From: Kris Jurka <books(at)ejurka(dot)com>
To: Oliver Jowett <oliver(at)opencloud(dot)com>
Cc: "pgsql-jdbc(at)postgresql(dot)org" <pgsql-jdbc(at)postgresql(dot)org>, tgl(at)sss(dot)pgh(dot)pa(dot)us
Subject: Re: v3proto Parse/Bind and the query planner
Date: 2004-05-17 21:10:19
Message-ID: Pine.BSO.4.56.0405171600500.24398@leary.csoft.net
Views: Raw Message | Whole Thread | Download mbox | Resend email
Lists: pgsql-jdbc

On Mon, 17 May 2004, Oliver Jowett wrote:

> While doing some v3-related changes to the JDBC driver I ran into a bit
> of a problem with Parse/Bind.
>
> However it seems to interact badly with the query planner; where the
> planner would usually make a decision based on the selectivity of an
> index for a particular parameter value, it instead falls back to the
> more general case.

> This is a bit of a barrier to using Parse/Bind by default. Ideally, I'd
> like a way to say "don't plan this query until you have actual parameter
> values" and have that turned on by default, but I can't find a way to do
> that in the v3 protocol.

I seem to recall Tom Lane speculating about delaying the planning of a
prepared statement until it's first execution so it would have the bound
values and then using that plan with subsequent parameters. In the common
case multiple executions of a prepared query would use values of similar
statistical likelihood, but this wouldn't solve the example you gave if
you executed the plan twice for values that aren't similar. I think this
would be a reasonable compromise position.

>
> The existing strategy of doing parameter replacement on the driver side
> works, but we lose the benefits of passing parameters via Bind.

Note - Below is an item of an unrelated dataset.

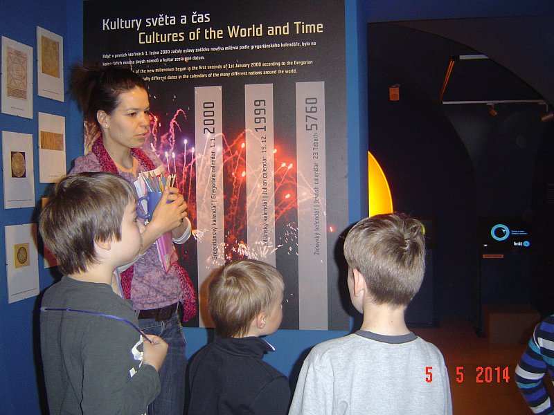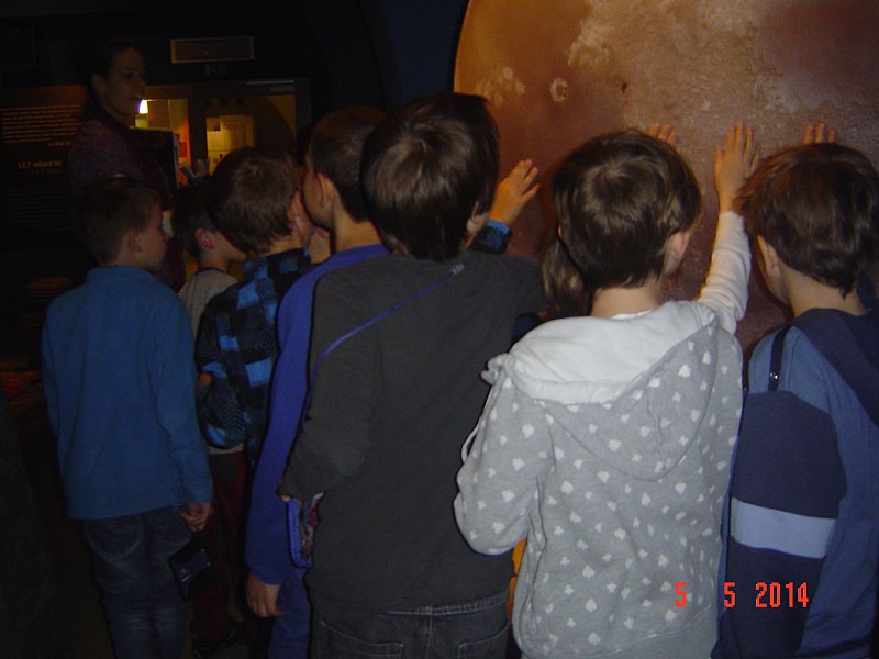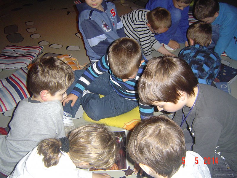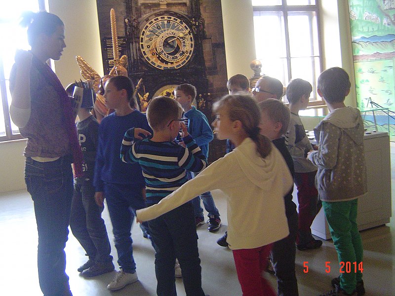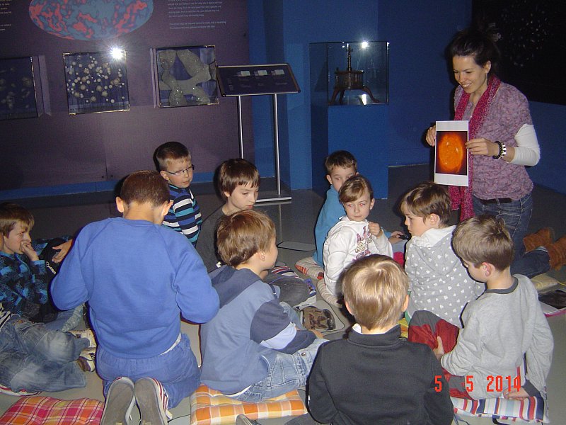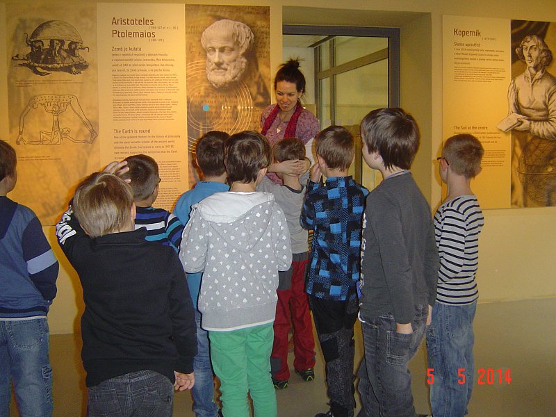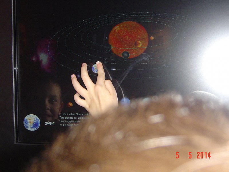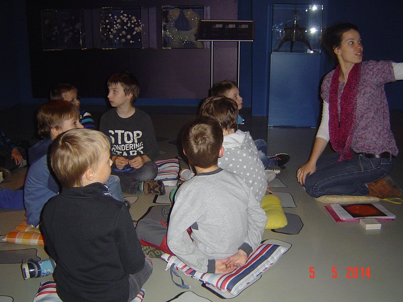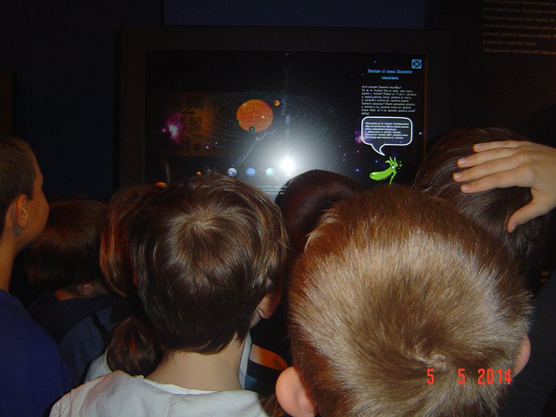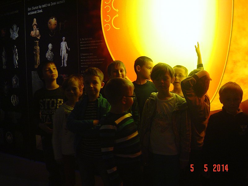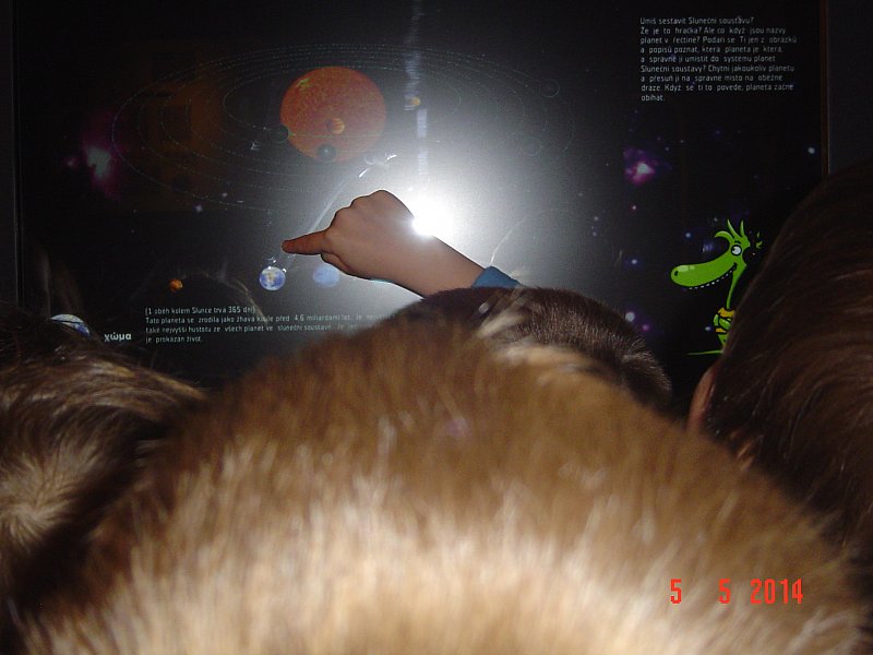 Nejprve jsme se ocitli ve vesmíru. V úvodní besedě jsme se dověděli mnoho nového, ale uplatnili jsme také naše znalosti. Ve hře jsme si zkusili napodobit pohyby planet v naší sluneční soustavě. Pak jsme ji skládali z puzzlí. Na interaktivním panelu jsme umístili na oběžnou dráhu jedlotlivé planety, sáhli jsme si na Slunce, Zemi i Měsíc. Seznámili jsme se s kalendáři různých kultur a národů, s vynálezci a jejich objevy o vesmíru. V expozici hodin jsme se seznámili s funkcí kyvadla, které je základem hodin a tudíž měření času. Na pracovním listu jsme měli detaily hodin a my jsme vyhledávali, ke kterým hodinám patří. Na závěr jsme se vyfotili modelem Hubblova teleskopu.
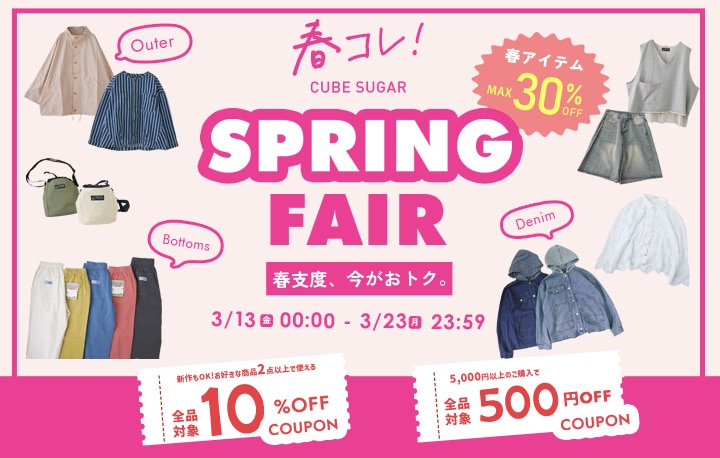 春コレ!SPRING FAIR CUBE SUGARの春これ欲しい!おすすめアイテムを集めました。 軽やかなアウターや、春コーデに欠かせないデニム・ボトムス、バッグなど 春の必需品が今だけおトクに! 今すぐ使えるアイテムから、これから活躍する春服まで 最大30%OFF! 「春これ欲しい!」がきっと見つかります◎ クーポン配信中! ・全品対象2点以上で 10%OFF ・5,000円以上で 500円OFF 春支度は今がチャンス! CUBE SUGARの春コレをぜひチェックしてください✨

We also have the possibility of doing selective replacement and binding
other values. This would allow using binary bytea transfers (which are
unlikely to be used in selectivity estimates) while doing parameter
replacement for other values.

Kris Jurka


From: Oliver Jowett <oliver(at)opencloud(dot)com>
To: Kris Jurka <books(at)ejurka(dot)com>
Cc: "pgsql-jdbc(at)postgresql(dot)org" <pgsql-jdbc(at)postgresql(dot)org>, tgl(at)sss(dot)pgh(dot)pa(dot)us
Subject: Re: v3proto Parse/Bind and the query planner
Date: 2004-05-18 23:50:09
Message-ID: 40AAA131.3010602@opencloud.com
Views: Raw Message | Whole Thread | Download mbox | Resend email
Lists: pgsql-jdbc

Kris Jurka wrote:

> I seem to recall Tom Lane speculating about delaying the planning of a
> prepared statement until it's first execution so it would have the bound
> values and then using that plan with subsequent parameters. In the common
> case multiple executions of a prepared query would use values of similar
> statistical likelihood, but this wouldn't solve the example you gave if
> you executed the plan twice for values that aren't similar. I think this
> would be a reasonable compromise position.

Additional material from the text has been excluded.